=== What to produce ===
Exactly reproduce the lines from the one containing "Ce programme contient" through the last line of the data, both ends included, leaving out pictures.

=== Information provided ===
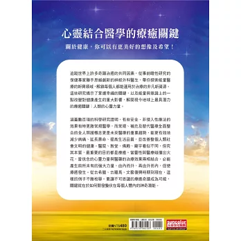 涵蓋數百項的科學研究證明,有些安全、非侵入性療法的效果有時更勝常規醫學,而常規、補充及替代醫療全面整合的全人照護概念更是未來醫療的重要趨勢,能更有效地減少病痛、延長壽命、提高生活品質,並改善整個人類社會文明的健康。醫院、教堂、佛殿、廟宇看似不同,但究其本質,最重要的目的都是療癒。當靈性與醫療碰撞出火花,當信念的心靈力量與醫藥的治療效果兩相結合,必能產生前所未有的強大力量,由內而外,再由外而內,促使療癒發生。從古希臘、古羅馬、文藝復興時期到現在,這樣的例子不勝枚舉。要讓不可思議的療癒奇蹟成為可能,關鍵就在於如何開發蟄伏在每個人體內的神奇潛能。
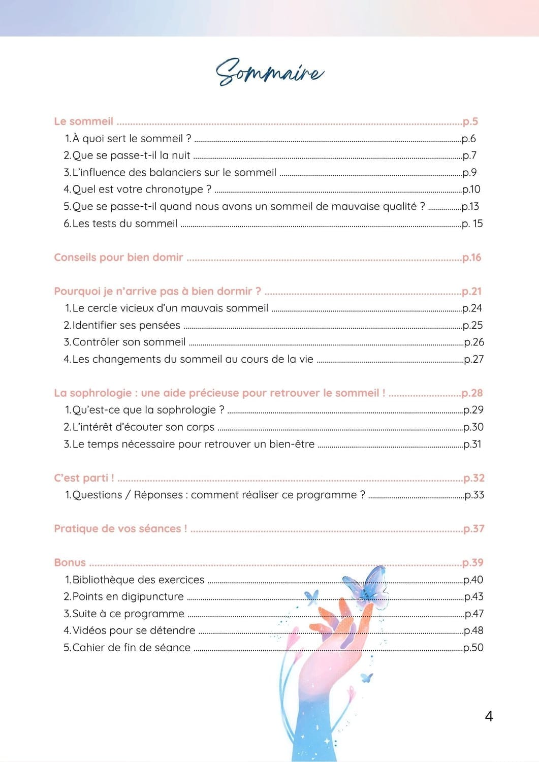 Ce programme contient un e-book PDF + 4 vidéos de séances complètes de sophrologie MP4 + 4 audios des visualisation MP3 + des bonus pour aller plus loin.
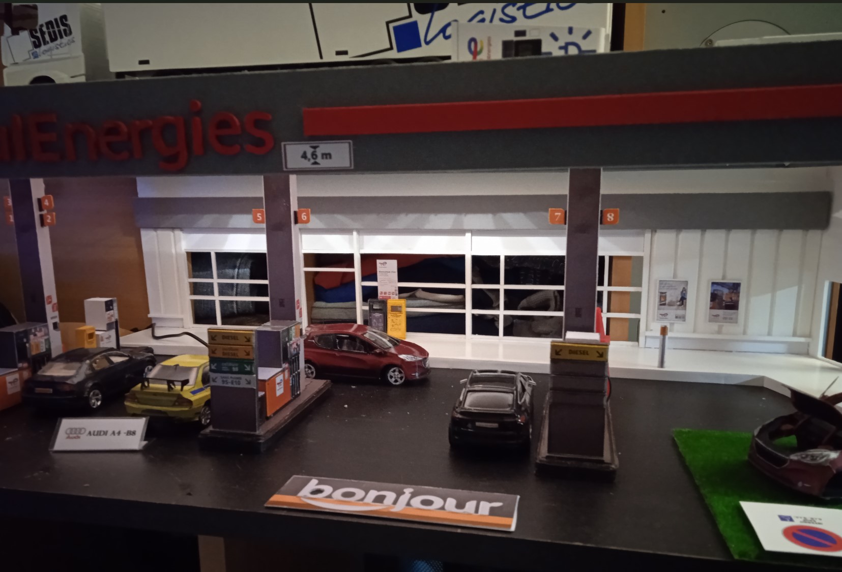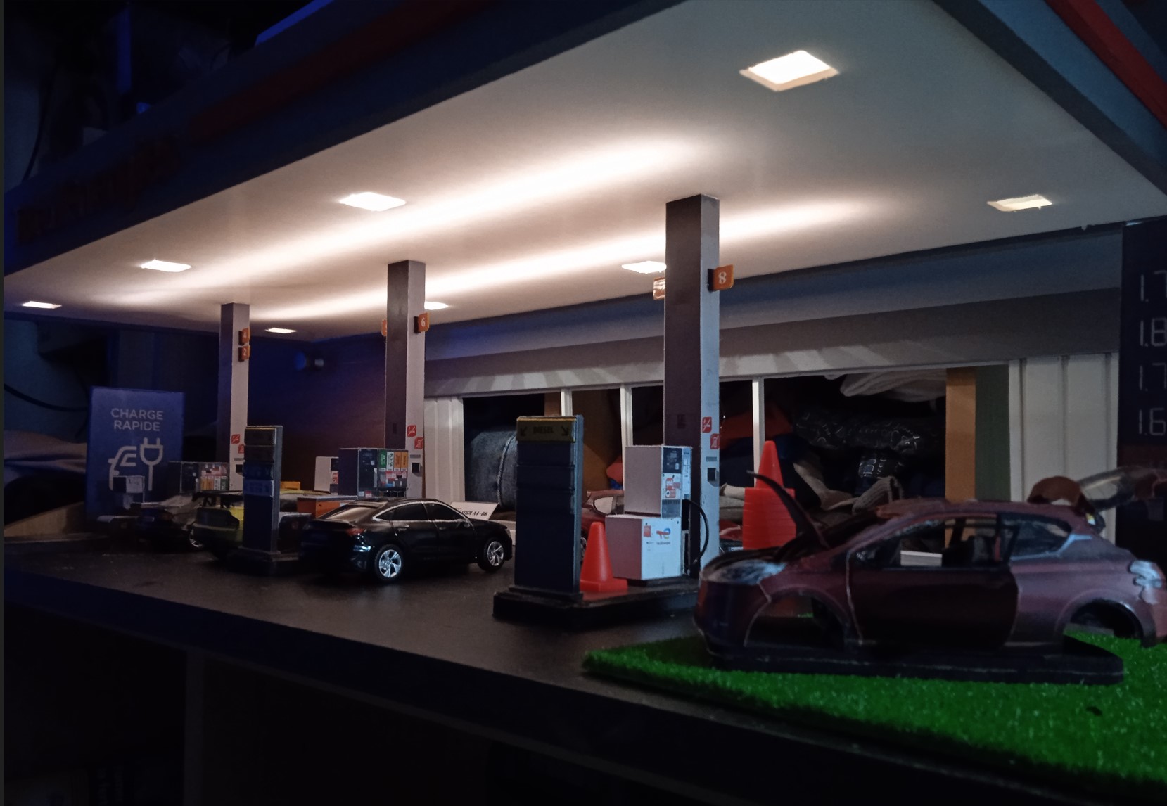 Toute la devanture faite , de la boutique à la station électrique.

=== Answer to this problem ===
 Ce programme contient un e-book PDF + 4 vidéos de séances complètes de sophrologie MP4 + 4 audios des visualisation MP3 + des bonus pour aller plus loin.
 Toute la devanture faite , de la boutique à la station électrique.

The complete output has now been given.